What is the advantage of BlinkUp over an RF transmission?

I am wondering why the BlinkUp process was created, clever as it is, instead of using say a Bluetooth signal. What is the advantage here in engineering, cost, and user friendly terms?

One big unknown for me is how an average customer might react to the BlinkUp process.

Why not use a similar one step process like the CC3000?

http://processors.wiki.ti.com/index.php/CC3000_Smart_Config

I suppose you could consider the cost of a bluetooth chip vs a phototransistor and a resistor, as well as size and complexity. I believe a bluetooth chip is several dollars even in bulk, vs very little cost for the blink-up circuit.

I have the Adafruit CC3000, but hadn’t seen that TI setup.

Bluetooth adds cost (maybe $2 for a bluetooth radio), complexity (software stack) and user confusion (on many phones users may need to configure bluetooth separately to get it to find the imp).

Blinkup is cheap (about $0.07 for a phototransistor) and uses the common feature of all smartphones - a bright screen.

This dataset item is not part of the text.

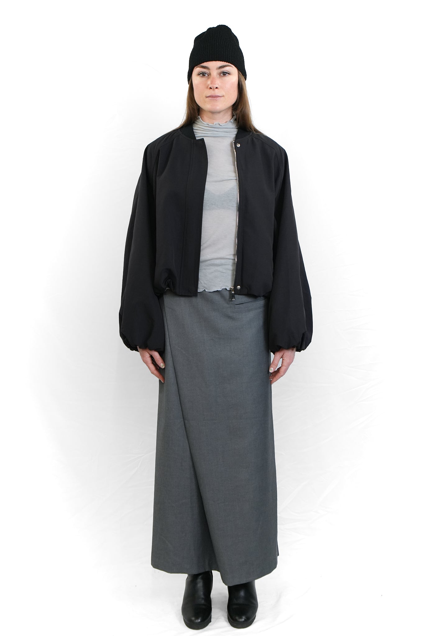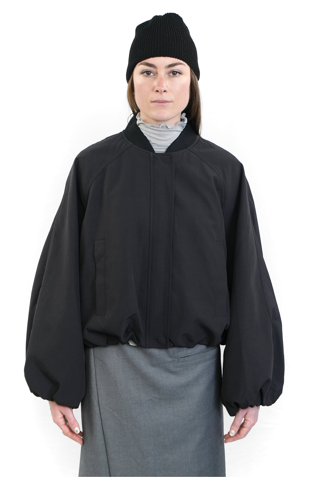 Crafted from 100% nylon, the jacket features wide, balloon-like sleeves and a gathered hem that create a distinctive rounded shape. Ribbed neckline detailing contrasts the smooth nylon surface, balancing structure and softness. The lightweight fabric gives it a crisp texture while maintaining a fluid, relaxed drape.

The CC3000 setup doesn’t work in all circumstances (it’s not compatible with every network type), and though like blinkup it’s by default unencrypted, it’s also easily snooped as the password details are encoded into broadcast packets - to snoop blinkup you have to be close enough to sample the light signals. You can encrypt it the easy setup but only with a global pre-shared key as it’s unidirectional.